1. **Is this speech over silence/light background?** → `small.en` is fine
2. **Is this speech over music, or music with vocals?** → Start with `medium.en`
3. **Is this a produced music track (vocals + full instrumentation)?** → Start with `medium.en`, expect to need manual lyrics or an external API
4. **Is this multilingual?** → Use `medium` or `large-v3` (no `.en` suffix)
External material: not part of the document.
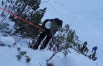 Izplezali smo tik pri Češki koči, ki je zavita v idilično zimsko spanje tam v čudovitem okolju pod Grintovci. Čakal nas je še sestop in veseli smo bili gazi naveze pred nami. Snega je sicer veliko, polno je klož, tista prečna pot pa že itak ni najbolj ugodna v zimskem času. Poleg tega je gaz že prehitro zavila navzdol. Da ne bi gazili naprej, smo ji sledili in upali na najboljše. Na koncu smo se preko ruševja pod suhim snegom prebili do nekaj metrskega skalnega skoka, čez katerega smo rajši abzajlali. Ne najbolj udobno, a na koncu smo varno prišli na trdna tla in po ogromni plazovini sestopili do doline. Pestra in poučna tura v vedno lepem okolju.

## Using External Transcription APIs

For the best accuracy, use an external API and import the result:

**OpenAI Whisper API** (recommended for quality):

```bash
# Generate with word timestamps, then import
curl https://api.openai.com/v1/audio/transcriptions \
  -H "Authorization: Bearer $OPENAI_API_KEY" \
  -F file=@audio.mp3 -F model=whisper-1 \
  -F response_format=verbose_json \
  -F "timestamp_granularities[]=word" \
  -o transcript-openai.json

npx hyperframes transcribe transcript-openai.json
```

**Groq Whisper API** (fast, free tier available):

```bash
curl https://api.groq.com/openai/v1/audio/transcriptions \
  -H "Authorization: Bearer $GROQ_API_KEY" \
  -F file=@audio.mp3 -F model=whisper-large-v3 \
  -F response_format=verbose_json \
  -F "timestamp_granularities[]=word" \
  -o transcript-groq.json

npx hyperframes transcribe transcript-groq.json
```

## If No Transcript Exists

1. Check the project root for `transcript.json`, `.srt`, or `.vtt` files
2. If none found, run transcription — pick the starting model based on the content type:
   - Speech/voiceover → `small.en`
   - Music with vocals → `medium.en`
   ```bash
   npx hyperframes transcribe <audio-or-video-file> --model medium.en
   ```
3. **Read the transcript and run the quality check** (see above). If it fails, retry with a larger model or suggest manual lyrics.